Azedou

Em noite ruim, Brasil perde para reservas da Polônia e se complica nas finais da Liga das Nações.

Seleção polonesa surpreende, vai à quadra com jovens apostas e bate time de Renan Dal Zotto.

Agora, equipe brasileira precisa vencer o Irã na próxima sexta-feira (12) para avançar às semifinais.

A escalação polonesa, a princípio, indicou um caminho mais tranquilo.

Com o foco no Pré-Olímpico, em agosto, o time europeu escolheu levar seus jovens reservas para as finais da Liga das Nações, em Chicago.

Isso, porém, em nada facilitou a vida do Brasil.

Pelo contrário.

Na noite desta quarta-feira (10), a seleção sofreu com a falta de inspiração e com a força dos rivais.

Até lutou, mas não conseguiu fazer frente às surpresas da Polônia: 3 sets a 2, parciais 25/23, 23/25, 25/21, 21/25 e 15/9.

A seleção folga nesta quinta-feira (11).

Das arquibancadas, vai assistir ao duelo entre Polônia e Irã.

Depende dele para saber exatamente o que vai precisar fazer na sexta-feira (12).

Agora, porém, já sabe que uma vitória contra os iranianos já garante um lugar na semifinal.

A equipe de Renan Dal Zotto encara o Irã às 19 horas (horário de Brasília), no horário de Brasília.

O SporTV2 transmite a partida, e o GloboEsporte.com acompanha tudo em tempo real.

Não era a Polônia tricampeã do mundo em quada.

Apenas Bartosz Kwolek fez parte do grupo campeão no ano passado.

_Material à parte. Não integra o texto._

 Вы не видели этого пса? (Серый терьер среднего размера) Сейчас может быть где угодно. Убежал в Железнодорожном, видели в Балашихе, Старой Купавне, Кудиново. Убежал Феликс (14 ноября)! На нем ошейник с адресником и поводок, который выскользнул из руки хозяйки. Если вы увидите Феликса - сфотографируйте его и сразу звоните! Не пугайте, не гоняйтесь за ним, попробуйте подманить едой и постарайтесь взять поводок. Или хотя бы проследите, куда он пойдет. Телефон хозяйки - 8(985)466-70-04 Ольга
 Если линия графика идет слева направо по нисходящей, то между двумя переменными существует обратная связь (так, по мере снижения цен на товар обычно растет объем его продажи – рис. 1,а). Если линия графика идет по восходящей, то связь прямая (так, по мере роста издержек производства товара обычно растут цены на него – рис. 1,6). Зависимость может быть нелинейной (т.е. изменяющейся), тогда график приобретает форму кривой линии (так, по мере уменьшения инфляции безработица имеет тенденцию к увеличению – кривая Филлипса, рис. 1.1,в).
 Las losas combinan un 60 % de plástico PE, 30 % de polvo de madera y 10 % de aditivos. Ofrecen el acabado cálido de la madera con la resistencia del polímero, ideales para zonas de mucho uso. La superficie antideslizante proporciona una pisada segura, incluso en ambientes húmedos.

O técnico Heynen Vital, então, escalou um time de jovens talentos locais.

E surpreendeu.

Diante de um rival pouco conhecido, a seleção não conseguiu manter o mesmo padrão da fase classificatória.

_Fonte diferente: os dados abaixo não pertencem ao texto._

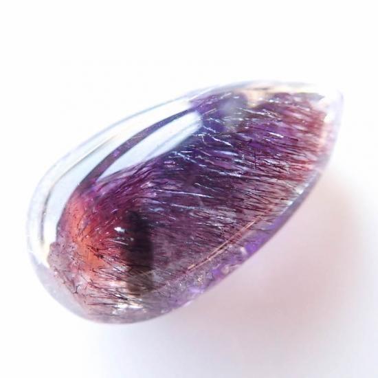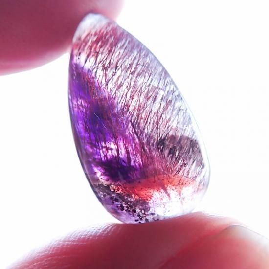 透明度の高い水晶の中に、アメジスト、カコクセナイト、ゲーサイト、レピドクロサイト、スモーキークォーツ、ルチルなど複数の鉱物が内包されている天然石です。とはいえ、7つの鉱物が全て入っているのは稀であり、原石でそれらを内包している石からカットされた石をスーパーセブンと一般的には呼んでいます。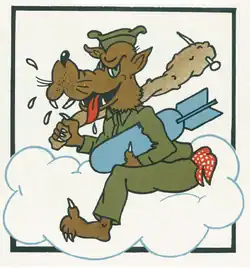 - ^ Approved 24 July 1943. Description: On a white rectangle, long axis vertical, border black, a caricatured brown wolf in khaki work uniform, astride a large white cloud formation in base, edged light blue, carrying a large knotty club tan with spike through end, in right hand, and carrying a blue aerial bomb under the left forepaw; red polka dot handkerchief in hip pocket.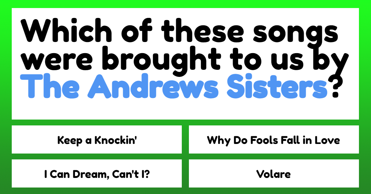 Which of these songs were brought to us by "The Andrews Sisters"?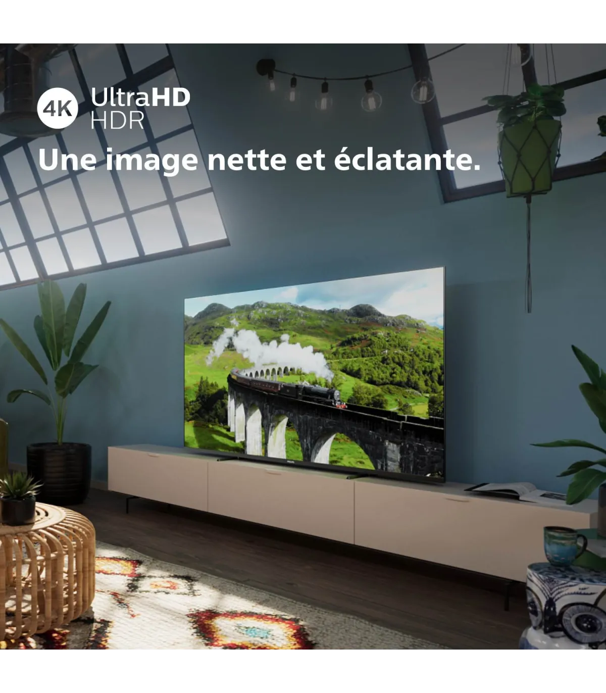 Découvrez le Philips 43PUS7608/12, une magnifique TV intelligente LED 4K UHD de 43 pouces qui transforme votre expérience de visionnage avec sa résolution époustouflante de 3840 x 2160, améliorée par Dolby Vision et HDR10+ pour des couleurs vives et un contraste exceptionnel, profitez d'un son immersif avec Dolby Atmos, tandis que les assistants vocaux intégrés comme Amazon Alexa et Google Assistant rendent la navigation sans effort, équipée de trois ports HDMI, ce design élégant prend en charge les jeux rapides grâce à la technologie HDMI 2.1 et offre également une connectivité sans faille via Wi-Fi, garantissant que vous avez accès à tous vos services de streaming préférés à portée de main.

Foi a segunda derrota do Brasil em toda a Liga das Nações.

O começo já indicou uma noite pouco inspirada.

A Polônia abriu 5/1 logo de cara, e Renan Dal Zotto pediu tempo.

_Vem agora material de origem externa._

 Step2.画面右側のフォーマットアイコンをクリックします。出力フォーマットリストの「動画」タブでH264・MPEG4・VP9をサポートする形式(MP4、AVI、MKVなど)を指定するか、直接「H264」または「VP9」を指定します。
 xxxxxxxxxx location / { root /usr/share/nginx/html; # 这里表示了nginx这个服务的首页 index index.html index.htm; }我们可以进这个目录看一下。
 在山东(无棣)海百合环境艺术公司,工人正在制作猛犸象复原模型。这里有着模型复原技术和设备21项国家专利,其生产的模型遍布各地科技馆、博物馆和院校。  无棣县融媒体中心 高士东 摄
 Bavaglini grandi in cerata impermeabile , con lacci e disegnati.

Foi o suficiente para que a seleção acordasse.

Logo, diminuiu a diferença para apenas um ponto (7/6).

O empate veio com um bloqueio de Bruninho, marcando 11/11 no placar.

A virada veio mais uma vez através do paredão brasileiro.

Flávio apareceu bem e colocou o time à frente 15/14.

O Brasil chegou a abrir 3 pontos, mas a Polônia empatou.

A equipe europeia cresceu depois da inversão do 5-1.

O oposto Mujaz fez a seleção polonesa embalar de vez e fechar o primeiro set em 25/23.

Na volta à quadra, o Brasil quis reagir.

Abriu vantagem logo de cara, fazendo 6/2 no placar.

Pouco depois, com uma defesa espetacular com o pé, Bruninho deu sequência a um rali de 32 segundos, com a seleção levando a melhor.

A Polônia, porém, seguiu firme e conseguiu se recuperar.

Chegou ao empate, e Renan tentou arrumar a casa com Cachopa e Alan.

Em um primeiro momento, não funcionou, e os rivais passaram à frente.

Mas o jogo seguiu equilibrado.

E, dessa vez, o Brasil levou a melhor.

No saque errado do time polonês, a seleção deixou tudo igual: 25/23.

Dois saques errados, um de cada lado, abriram o terceiro set.

Mas o jogo seguiu duro.

Nenhum dos dois times conseguiu se desgrudar no placar no início da parcial.

Mas o Brasil, aos poucos, tomou a frente.

Pelas mãos de Wallace e Lucarelli, disparou e fez 16/11.

A Polônia, mais uma vez, foi buscar.

Em um ataque de Lucarelli para fora, os rivais viraram para 20/19.

Renan, então, parou o jogo.

Só que tudo desandou de vez.

O Brasil passou a errar muito, permitiu a virada e caiu por 25/21.

Ao Brasil, só restava a obrigação de se impor.

O time de Renan Dal Zotto conseguiu abrir boa vantagem na volta à quadra, fazendo 9/4 no placar.

Com Cachopa e Isac, o time cresceu.

Mas os reservas da Polônia queriam resolver logo o jogo.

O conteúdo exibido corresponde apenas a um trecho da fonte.